If you want to comment here you need to be nice, regardless of how someone else behaved or how old you think they might be.

We detached this subthread from https://news.ycombinator.com/item?id=14648376 and marked it off-topic.


So, ummm, you use Instagram? -- the company owned by Facebook to provide an alternate brand to appeal to those tech savvy kids?

Same database, different name.


does instagram not constitue facebook though?


no, you don't need an fb account to use ig.


What is a non-tech CTO?


Back in the early 2000s I worked for a telco. Telecom was having a pretty rough time following the dot com crash. They replaced the previous CTO with a CTO that had a financial background (would have been suitable for as a CFO). This blew my mind at the time. The explanation was simply he's going to be less persuaded by seniors managers arguing for projects on technical merit and more persuaded by the dollars and cents. Rightly or wrongly, it worked, they got out of trouble early and when the economy turned around he was swiftly replaced by a hacker CTO.


One previous CTO of mine frequently told us he hadn't written a line of code since the late 1970s, and even then he hadn't done much. He didn't know what an SSH key was, didn't know the difference between FTP and HTTP, and hadn't heard of MySQL (this was mid 2000s).

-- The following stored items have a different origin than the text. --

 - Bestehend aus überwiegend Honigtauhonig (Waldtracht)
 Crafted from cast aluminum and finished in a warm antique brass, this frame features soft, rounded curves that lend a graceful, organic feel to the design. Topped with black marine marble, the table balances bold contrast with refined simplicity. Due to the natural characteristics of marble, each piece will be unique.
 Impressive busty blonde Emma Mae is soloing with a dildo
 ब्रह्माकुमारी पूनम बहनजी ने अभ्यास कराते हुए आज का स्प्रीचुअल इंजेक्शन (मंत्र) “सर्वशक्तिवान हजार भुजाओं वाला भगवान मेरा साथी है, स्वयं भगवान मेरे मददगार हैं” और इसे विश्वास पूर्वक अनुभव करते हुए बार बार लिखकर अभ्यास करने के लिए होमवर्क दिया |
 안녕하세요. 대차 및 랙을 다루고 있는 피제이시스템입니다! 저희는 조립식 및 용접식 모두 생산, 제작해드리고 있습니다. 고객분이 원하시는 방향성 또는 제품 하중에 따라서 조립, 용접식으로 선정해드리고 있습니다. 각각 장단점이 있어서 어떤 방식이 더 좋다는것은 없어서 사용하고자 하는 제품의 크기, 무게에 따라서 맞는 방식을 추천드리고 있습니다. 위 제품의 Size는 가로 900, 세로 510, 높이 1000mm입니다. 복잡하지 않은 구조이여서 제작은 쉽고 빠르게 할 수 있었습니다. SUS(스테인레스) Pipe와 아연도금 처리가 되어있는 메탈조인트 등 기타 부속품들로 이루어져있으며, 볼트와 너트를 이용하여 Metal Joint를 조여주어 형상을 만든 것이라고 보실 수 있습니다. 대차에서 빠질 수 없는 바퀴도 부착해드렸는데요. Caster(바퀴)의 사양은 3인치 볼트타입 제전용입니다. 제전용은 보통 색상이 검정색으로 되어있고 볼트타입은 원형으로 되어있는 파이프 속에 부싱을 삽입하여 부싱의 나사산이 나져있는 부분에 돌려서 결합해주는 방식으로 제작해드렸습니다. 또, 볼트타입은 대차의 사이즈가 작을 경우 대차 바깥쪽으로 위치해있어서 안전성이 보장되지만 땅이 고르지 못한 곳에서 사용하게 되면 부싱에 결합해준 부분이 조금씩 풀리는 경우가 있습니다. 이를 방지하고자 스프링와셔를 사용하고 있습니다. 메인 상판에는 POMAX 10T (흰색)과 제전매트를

He had two excellent abilities: convincing the board to give more money to IT, and hiring good people to spend the money wisely.


That's key to mgmt though it can be hard to hire people when you don't have the skills to judge.

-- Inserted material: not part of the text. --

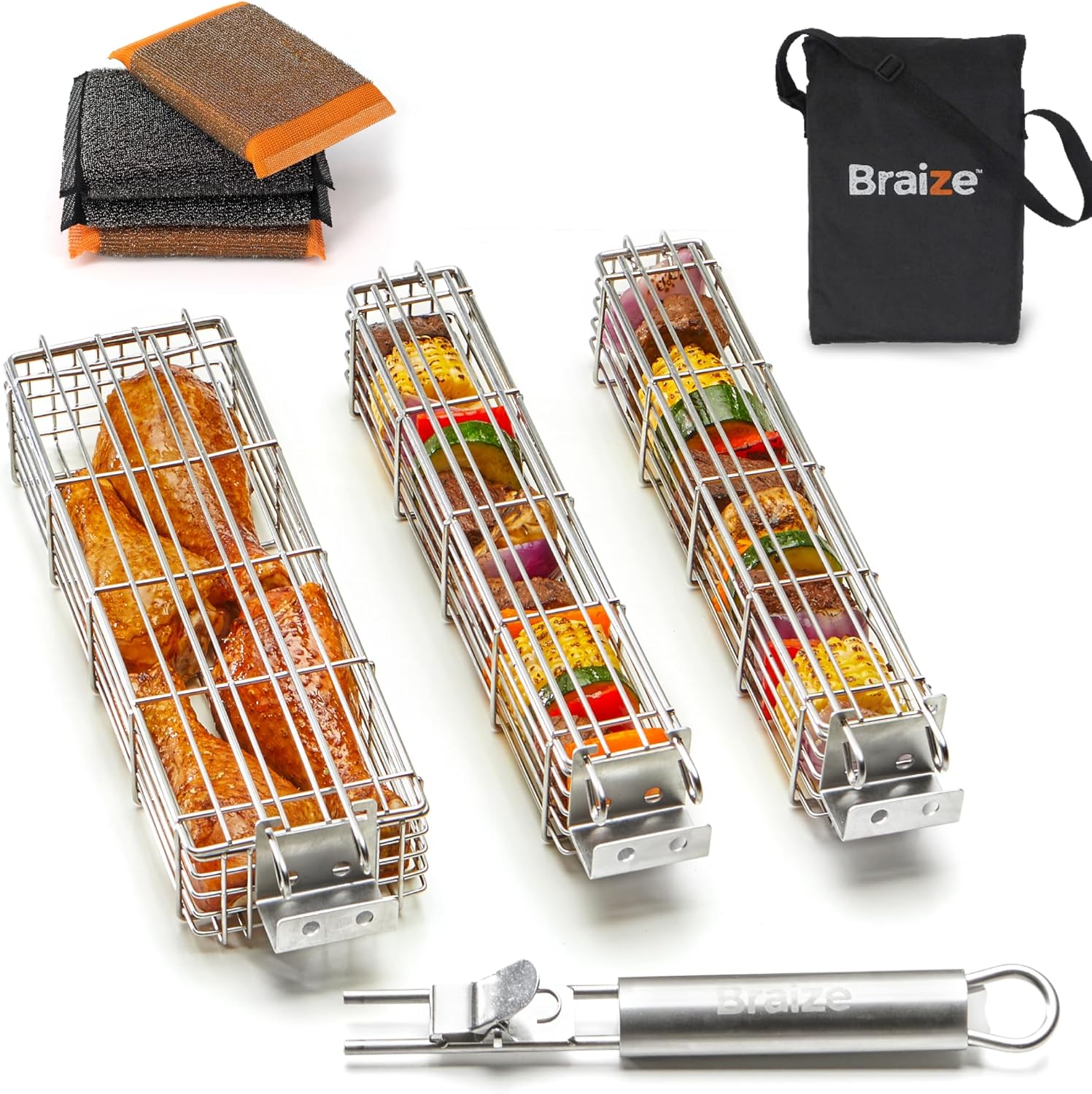 Large Grilling Basket Set – 3 Stainless Steel Kabob Baskets with Removable Handle & Scrubber Sponge – Heavy-Duty Grill Accessory for Veggies, Meat & More

Its hard to hire pepple you do have the skills to judge.


Sounds more like a COO than a CTO.


Sounds like he was just a technical manager


My experience comports with the parent. Most "CTO"s or "CIO"s I've met have a weak or non-existent technical background. I worked closely with a CTO whose only direct technical experience was a couple of CAD classes he took at a community college.

Generally, a CTO's tech "qualifications" are more from having some general knowledge about the technology ecosystem (e.g., they've managed software people before, and they know what Microsoft SQL Server is) than from any hands-on experience.

They will often be the type that have always been interested in gadgetry and tech, but basically only enough to subscribe to WIRED (back when that was a thing people did) and observe the industry casually. Not enough to get involved in the process themselves.

CxO is a fundamentally non-technical job, so I don't know what people expect from "technical" occupants. Technical people do poorly because the role is almost entirely subsumed by "business" responsibilities; that is, closing sales, talking to media/making presentations at conferences, sitting in meetings with lawyers and investors, setting budgets, and so forth.

Let me ask you, what is a "technical" CTO supposed to do?


seconded its like saying a non accountant CFO


An Oxymoron.


I find most quotes to be interesting sounding, but on deeper thinking incredibly vague or pointless.


Well the point is to get you thinking, so I wouldn't say it's pointless. If you've thought deeply enough about it to decide it doesn't matter, you've probably already absorbed the lesson you were supposed to learn. Most koans are completely pointless or vague, but in order to figure that out you have to understand it, and at that point you've already grown.


My favorite popular quotes are the ones that are borrowed from Shakespeare but stripped of all context, so they're commonly read as meaning something completely different.

Read books, or essays, or at least the whole dang poem (the quoted "The Second Coming" is really short!). It's nearly impossible to pack any kind of meaningful insight into a couple sentences.


^This is my new favorite quote.


^This is my new favorite quote.


I find the opposite: most quotes are incredibly insightful and powerful, but wasted on people who can't act on them, and insist on vague and pointless lives.


Are you under the impression that personal attacks gain value by being florid?


Why would you call that a personal attack? It's my standard opinion on quotes. I used the same wording used to dismiss them to make the message stand out more.

To paraphrase Chesterton quotes have not been tried and found wanting. They have been tried, found hard to abide to, and been abandoned.